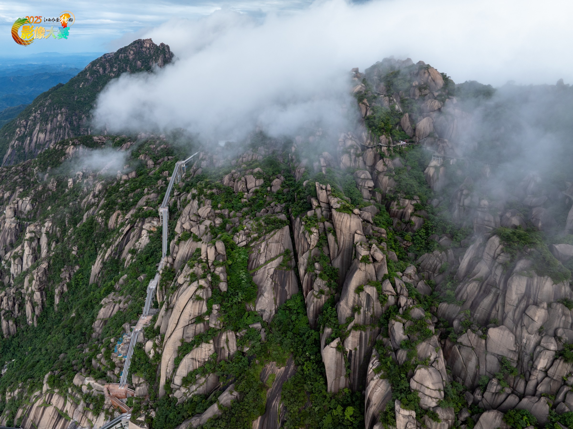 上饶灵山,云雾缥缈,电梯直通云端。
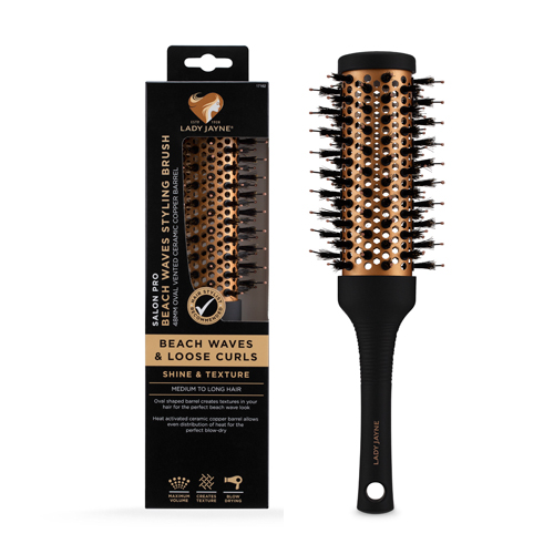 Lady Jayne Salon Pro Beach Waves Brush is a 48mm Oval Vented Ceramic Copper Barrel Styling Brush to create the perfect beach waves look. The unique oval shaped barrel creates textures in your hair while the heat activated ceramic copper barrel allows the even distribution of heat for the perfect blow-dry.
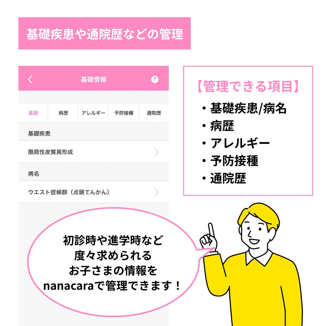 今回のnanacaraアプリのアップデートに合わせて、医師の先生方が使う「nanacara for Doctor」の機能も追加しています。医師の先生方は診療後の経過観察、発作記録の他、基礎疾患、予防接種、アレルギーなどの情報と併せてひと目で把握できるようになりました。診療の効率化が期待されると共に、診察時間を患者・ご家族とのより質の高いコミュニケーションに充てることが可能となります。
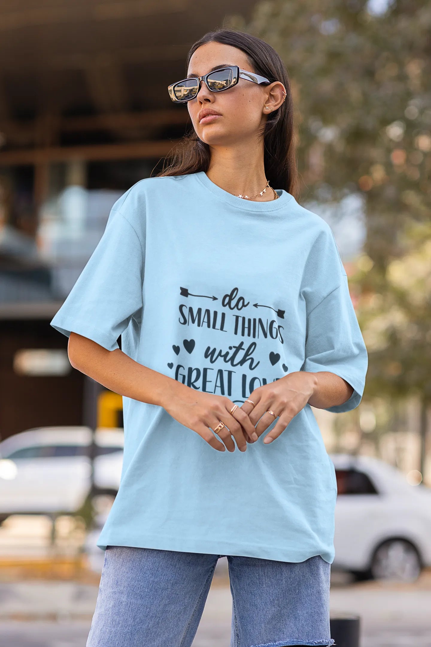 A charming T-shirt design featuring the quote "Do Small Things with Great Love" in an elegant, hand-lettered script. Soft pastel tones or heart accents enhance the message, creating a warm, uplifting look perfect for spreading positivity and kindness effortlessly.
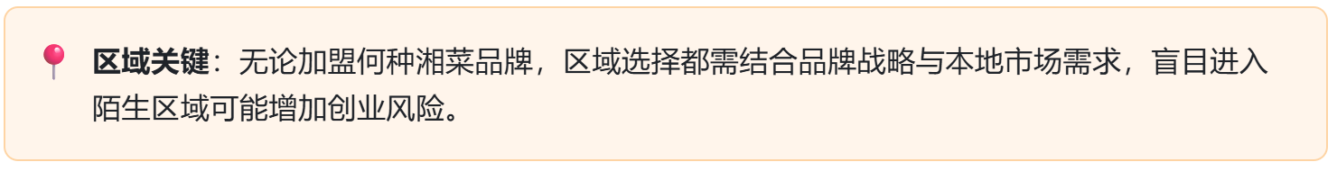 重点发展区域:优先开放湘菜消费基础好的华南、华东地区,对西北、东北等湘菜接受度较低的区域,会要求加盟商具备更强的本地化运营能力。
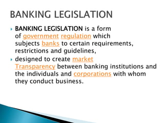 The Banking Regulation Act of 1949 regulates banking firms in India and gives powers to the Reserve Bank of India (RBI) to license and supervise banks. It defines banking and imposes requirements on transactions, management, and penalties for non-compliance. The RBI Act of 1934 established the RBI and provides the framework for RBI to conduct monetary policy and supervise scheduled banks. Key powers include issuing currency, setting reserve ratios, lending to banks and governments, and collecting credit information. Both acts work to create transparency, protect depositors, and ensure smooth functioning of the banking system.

····················

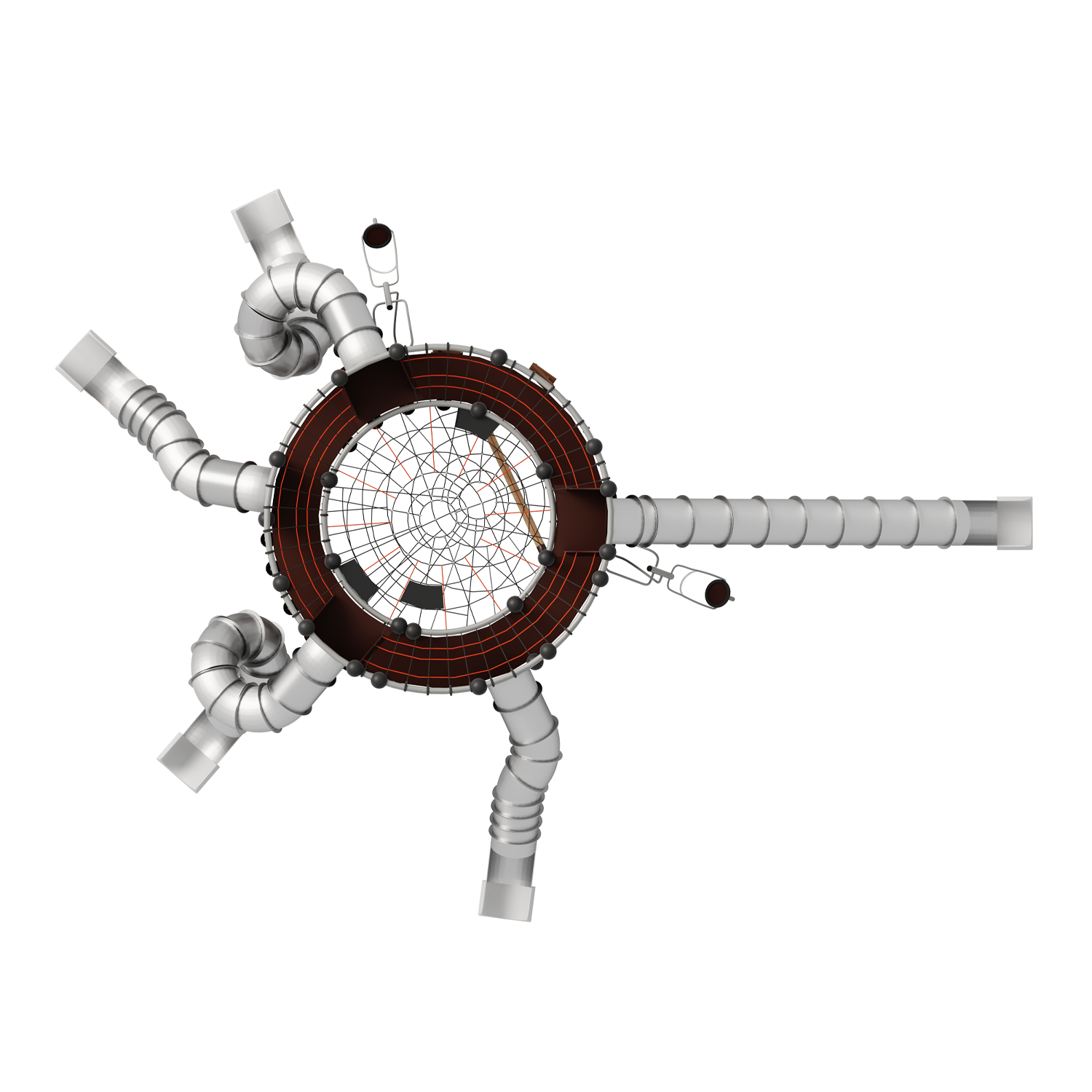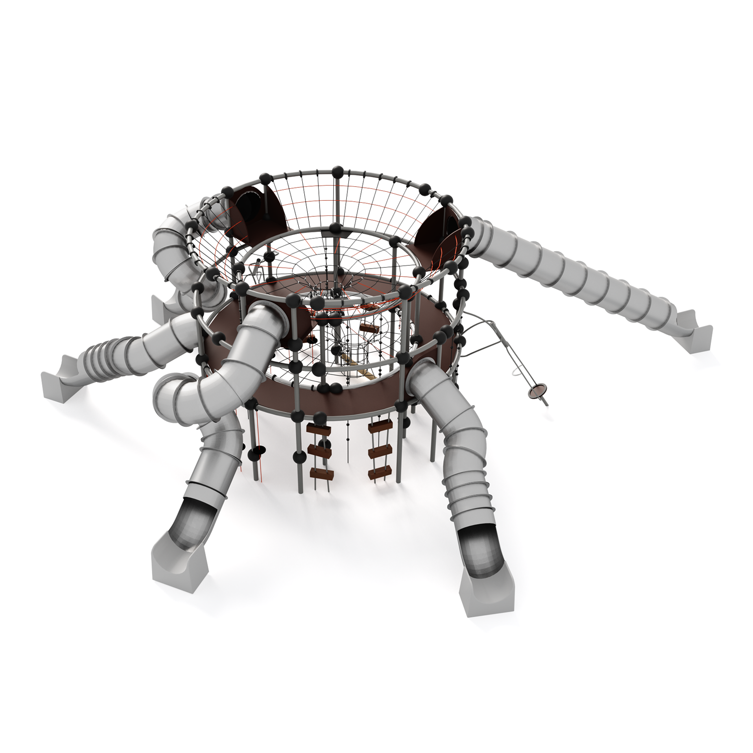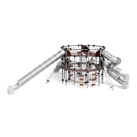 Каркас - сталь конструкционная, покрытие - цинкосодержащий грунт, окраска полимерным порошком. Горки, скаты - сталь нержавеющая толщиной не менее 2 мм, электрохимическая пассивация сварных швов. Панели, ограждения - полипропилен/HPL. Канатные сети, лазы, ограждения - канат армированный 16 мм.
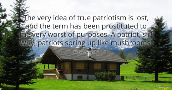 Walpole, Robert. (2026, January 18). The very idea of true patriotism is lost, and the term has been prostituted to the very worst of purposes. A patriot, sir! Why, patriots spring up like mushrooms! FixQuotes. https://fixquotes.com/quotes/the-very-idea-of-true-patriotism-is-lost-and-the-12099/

····················

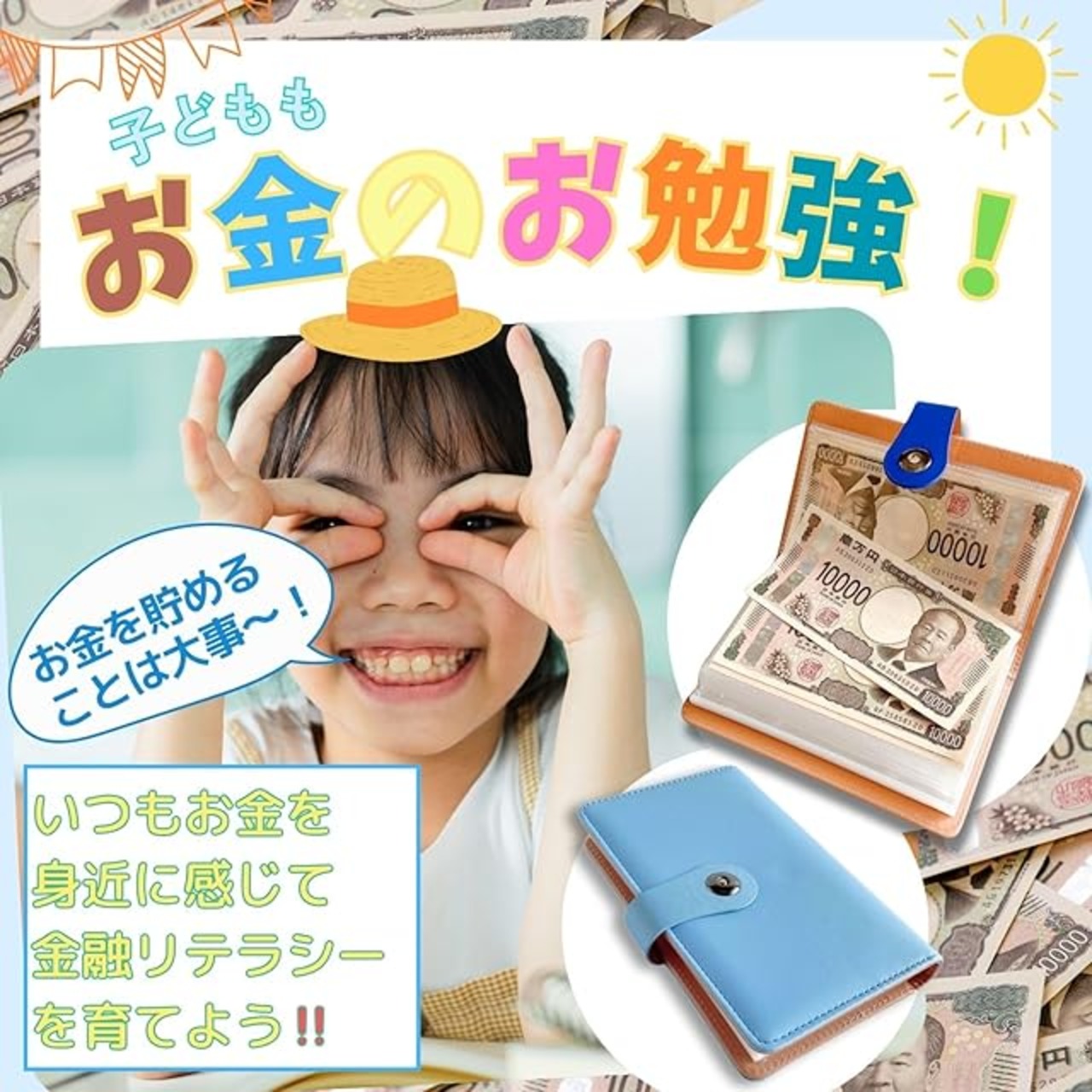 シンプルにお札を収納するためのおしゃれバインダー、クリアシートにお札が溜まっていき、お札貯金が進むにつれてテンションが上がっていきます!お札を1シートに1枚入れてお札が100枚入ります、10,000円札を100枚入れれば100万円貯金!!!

····················

- [Problem description] Skipping every picture, transcribe exactly the lines above from the one containing "上饶灵山,云雾缥缈,电梯直通云端。" through the one containing "The Banking Regulation", both included.

- [Exercise answer]
 上饶灵山,云雾缥缈,电梯直通云端。
 Lady Jayne Salon Pro Beach Waves Brush is a 48mm Oval Vented Ceramic Copper Barrel Styling Brush to create the perfect beach waves look. The unique oval shaped barrel creates textures in your hair while the heat activated ceramic copper barrel allows the even distribution of heat for the perfect blow-dry.
 今回のnanacaraアプリのアップデートに合わせて、医師の先生方が使う「nanacara for Doctor」の機能も追加しています。医師の先生方は診療後の経過観察、発作記録の他、基礎疾患、予防接種、アレルギーなどの情報と併せてひと目で把握できるようになりました。診療の効率化が期待されると共に、診察時間を患者・ご家族とのより質の高いコミュニケーションに充てることが可能となります。
 A charming T-shirt design featuring the quote "Do Small Things with Great Love" in an elegant, hand-lettered script. Soft pastel tones or heart accents enhance the message, creating a warm, uplifting look perfect for spreading positivity and kindness effortlessly.
 重点发展区域:优先开放湘菜消费基础好的华南、华东地区,对西北、东北等湘菜接受度较低的区域,会要求加盟商具备更强的本地化运营能力。
 The Banking Regulation Act of 1949 regulates banking firms in India and gives powers to the Reserve Bank of India (RBI) to license and supervise banks. It defines banking and imposes requirements on transactions, management, and penalties for non-compliance. The RBI Act of 1934 established the RBI and provides the framework for RBI to conduct monetary policy and supervise scheduled banks. Key powers include issuing currency, setting reserve ratios, lending to banks and governments, and collecting credit information. Both acts work to create transparency, protect depositors, and ensure smooth functioning of the banking system.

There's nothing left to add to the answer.